Pour les consommateurs souhaitant continuer à acheter des aliments biologiques aux règlementations plus drastiques, il existe l’éco-label Bio Cohérence.

Il a été créé en 2010 en réponse au remplacement du cahier des charges national de l’éco-label AB au profit de l’éco-label agricole Européen. Il regroupe des acteurs historiques de l’agriculture biologique Française comme la Fédération Nationale d’Agriculture Biologique (FNAB), mais aussi des entreprises comme Biocoop, Agrosemens… En plus des critères de base, il impose des engagements stricts à ses producteurs comme l’interdiction de serres chauffées, d’OGM, de parcelles mixtes…

Les labels alimentaires

Il existe des labels officiels garantissant une qualité supérieure aux aliments. Toutefois, malgré des cahiers des charges stricts, ils n’ont rien à voir avec les valeurs portées par l’agriculture biologique.

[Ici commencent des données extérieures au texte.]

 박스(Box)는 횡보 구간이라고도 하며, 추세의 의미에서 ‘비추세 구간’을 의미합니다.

utopylogie logo label rouge

Le plus connu est le label national Label Rouge, créé en 1960 et initié par un groupement de producteurs avicoles.

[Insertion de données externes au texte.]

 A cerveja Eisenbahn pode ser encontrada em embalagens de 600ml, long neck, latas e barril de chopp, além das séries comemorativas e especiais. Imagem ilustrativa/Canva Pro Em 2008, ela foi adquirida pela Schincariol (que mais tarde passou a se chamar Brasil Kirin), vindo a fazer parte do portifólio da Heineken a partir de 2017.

Il répond aux exigences d’un cahier des charges validé par l’INAO14 et appliqué par un organisme certificateur indépendant. En plus de compléter et d’améliorer les conditions de production existantes, il garantie des qualités gustatives supérieures. Par exemple, la production d’œufs Label Rouge est une version améliorée de celle des œufs de plein air15.

Le label Bleu Blanc Cœur a été créé en 2000 sur la base de constats scientifiques impulsés par un ingénieur agronome, un éleveur laitier et un médecin nutritionniste auprès de l’INRAE (ex-INRA) et de l’entreprise Valorex, spécialisée dans l’étude des graines oléo protéagineuses et des végétaux.

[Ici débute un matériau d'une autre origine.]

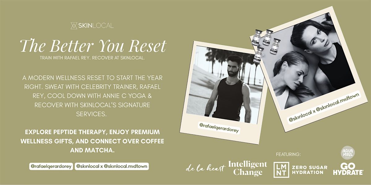 A modern wellness reset to start the year right. Sweat with CELEBRITY TRAINER, Rafael Rey, cool down with Annie Caballero, yoga instructor & holistic health coach, and recover with SkinLocal’s signature services: infrared sauna, cold-plunge & B12 shots. Explore peptide therapy, enjoy premium wellness gifts, and connect over coffee and matcha.

Ils ont mis au jour les bienfaits des omégas 3 et omégas 6 dans la chaîne alimentaire. Ainsi, en nourrissant les animaux avec, par exemple, des graines de lin, l’homme améliore sa santé et se protège notamment des maladies cardiovasculaires, du diabète… En 2008, le label est reconnu par les ministères de la Santé et de l’Agriculture16.

logo label haute valeur environnementale HVE

Enfin, le label HVE (Haute Valeur Environnementale) créé par le Ministère de l’Agriculture suite au Grenelle de l’environnement de 2007.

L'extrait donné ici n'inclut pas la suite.